# Alfine 8 with drop bars?



## theycallmeE (Aug 21, 2007)

Hi All, thinking about racing some cyclocross this winter with my Alfine 8-equipped hardtail mtb. Has anyone tried mounting the thumb shifter on these things on a drop bar?

I'm thinking it will work on the right drop somewhere below the brake lever, so I can use my right hand thumb/index finger to make shifts while in the drops, but I can see some possible problems, such as the shifter getting stuck on the curve of the bars, not being large enough in diameter to get on the bar at all, etc. Just hoping someone has made this work before I buy some new bars.

Thanks for any info or suggestions,

E


----------



## scooby214 (Oct 15, 2011)

The shifter will probably not fit on the bars. You have a couple of options available. Perhaps the best option is to get a Jtek barend shifter. They get great reviews and shift the Alfine perfectly. You can also get a standard 8-speed barend shifter and use it with a travel agent on the Alfine. I've not tried it, but I've heard it works pretty well. There are also brifters available that will shift the Alfine, but I think the Jtek barend shifter is a better buy for the money. 

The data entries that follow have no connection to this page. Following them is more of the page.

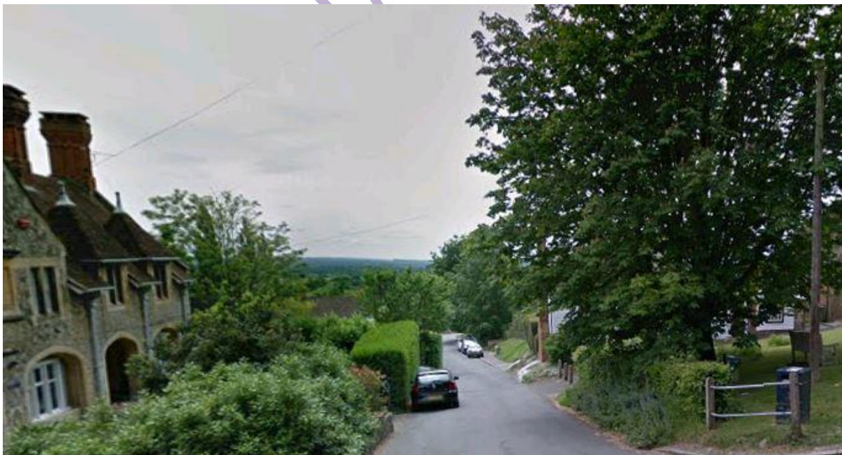
South Lane looking south – Holdgate House on the left

5.6.1 Only a small part of South Lane and one of its buildings is within the conservation area. The building is Holdgate House. This impressive building with its Rag stone walling with limestone
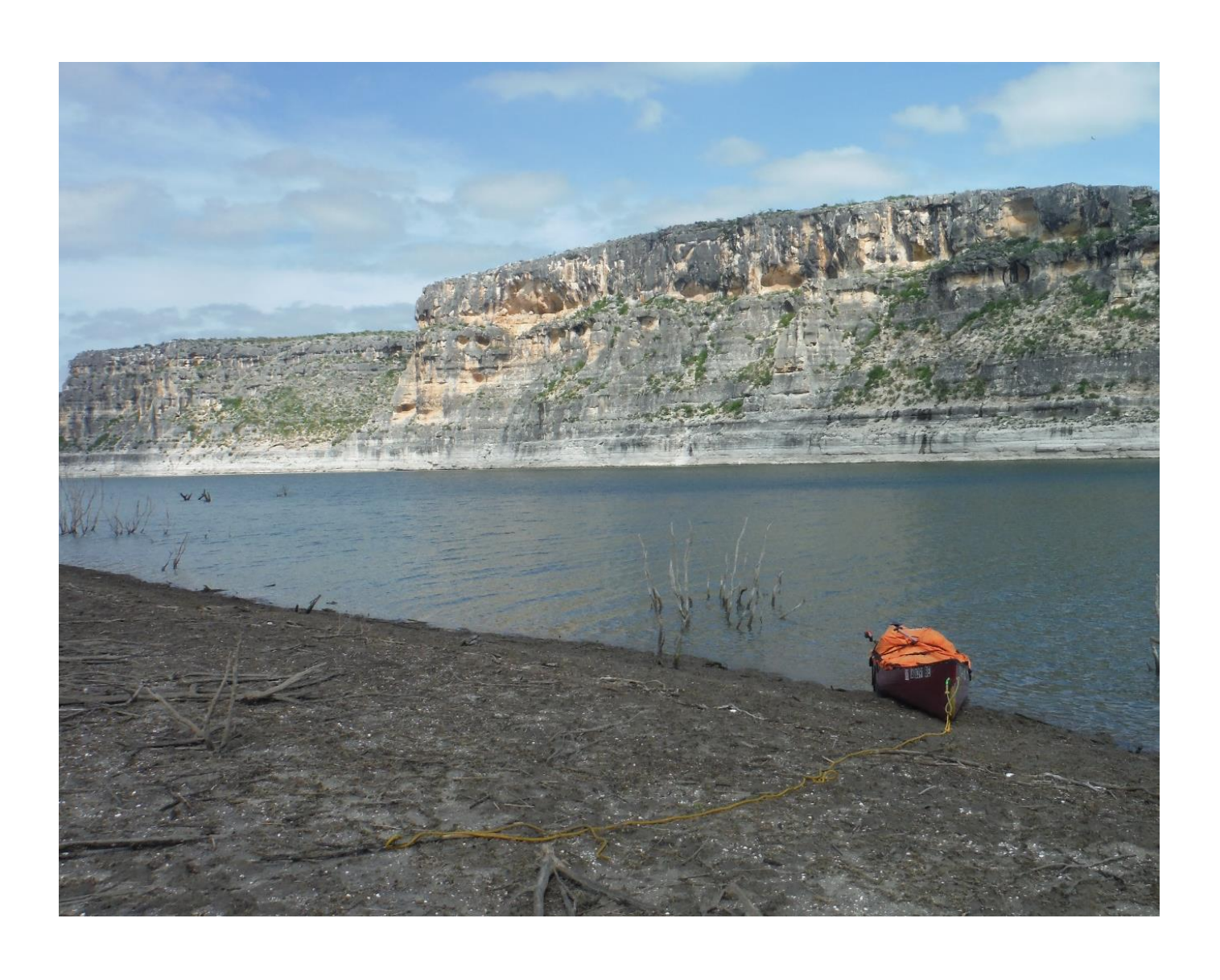
Looking across Lake Amistad at mile 40.
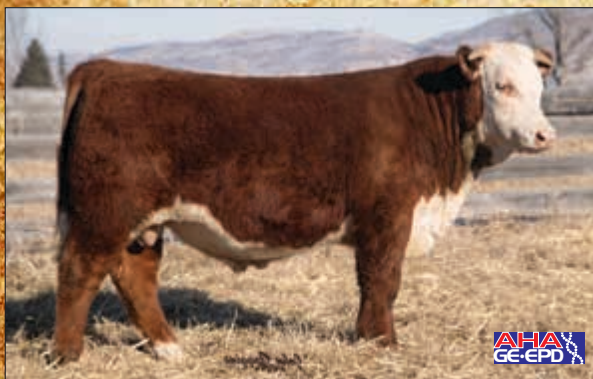
CL 1 Domino 136J 1ET {DLF,HYF,IEF,MSUDF}
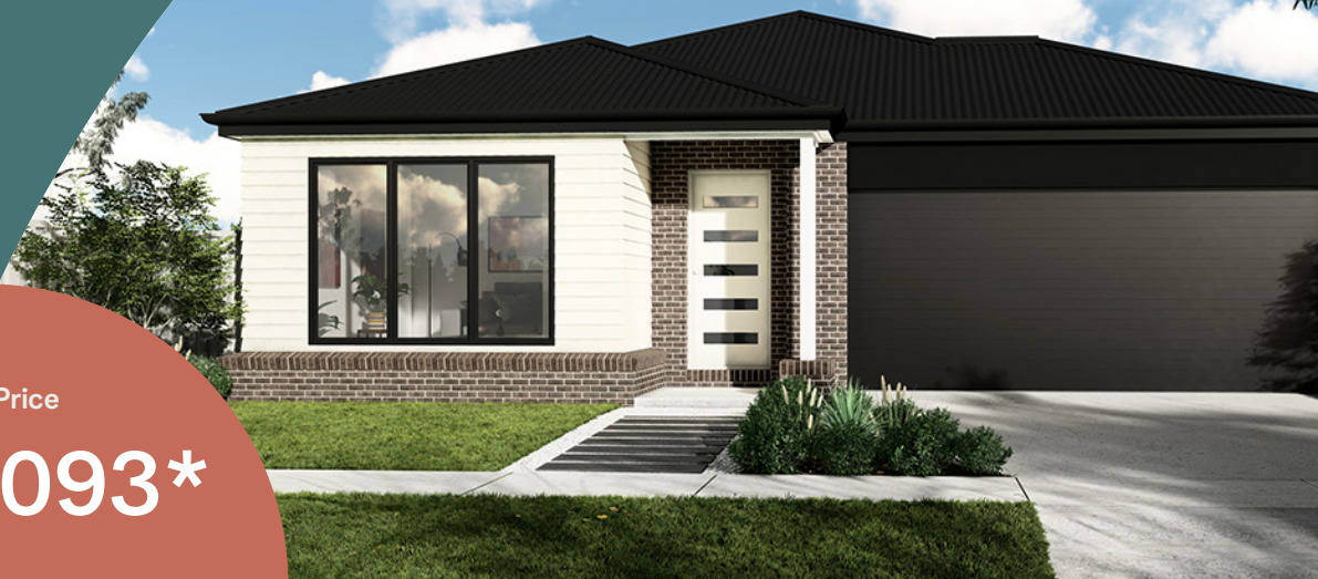
Image & facade shown for illustrative purposes
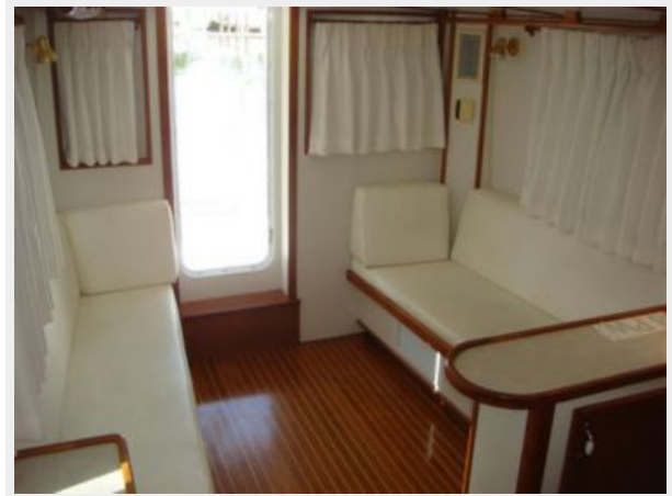
39' Neville Trawler salon aft
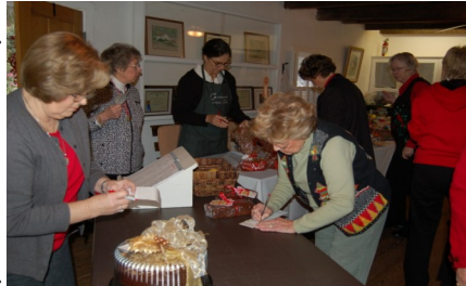
Members delivering their bake goods
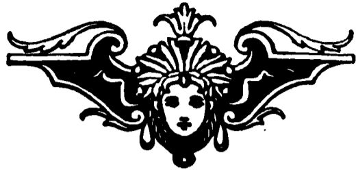
Sign of the Four Dials

I am running a Sturmey hub with a barend shifter, and like it for my foul weather commuter bike.


----------



## dru (Sep 4, 2006)

You could do what I did: buy an extra shifter and take a Dremel to the mounting clamp. You'll need to take off about1 mm. I mounted the shifter up on the flats and it worked fine in that location.

An Alfine equipped MTB is a real pig compared to a 'cross bike; you'll be suffering on the running and carry sections.

Drew


----------



## theycallmeE (Aug 21, 2007)

*Thanks!*

Thanks scooby and dru for your input - it's very helpful.

I'll probably give up on the cyclocross-conversion project and just borrow a bike to try out the race scene. If I get 'cross fever, it's probably worth buying a decent used-bike designed for that purpose.

FYI, turns out Versa makes a brake/shifter combo for both the Alfine 8 and 11, but at over $220, I'm not biting. Cheers,

E


----------



## BjornS (Feb 5, 2010)

*Versa brake and shifter lever*

I guess you already considered the Versa drop bar lever for Alfine? From On-One...

But still I tought I would provide the info. On-one also provide Alfine 11 shifter, both in drop bar style and trad way.

Bjorn


----------



## Drew Diller (Jan 4, 2010)

Don't bother with the Versa levers anyway. The large lever shift throw distance is long enough to be awkward during riding.

I've ridden briefly on the Jtek shifters, they're awesome! Ryan G is also a cool guy.

I just generally don't like drop bars. I'm going to put some Jteks on some bullhorns in the future.


----------



## Leopold Porkstacker (Apr 21, 2010)

theycallmeE said:


> FYI, turns out Versa makes a brake/shifter combo for both the Alfine 8 and 11, but at over $220, I'm not biting. Cheers,
> 
> E


Yeah, I bought a set, and used them on one ride. Sure, it was a 75 mile ride, but that is still more dollars per mile than I am comfortable spending. :madman: They're for sale, by the way, if anyone is interested please PM me.


----------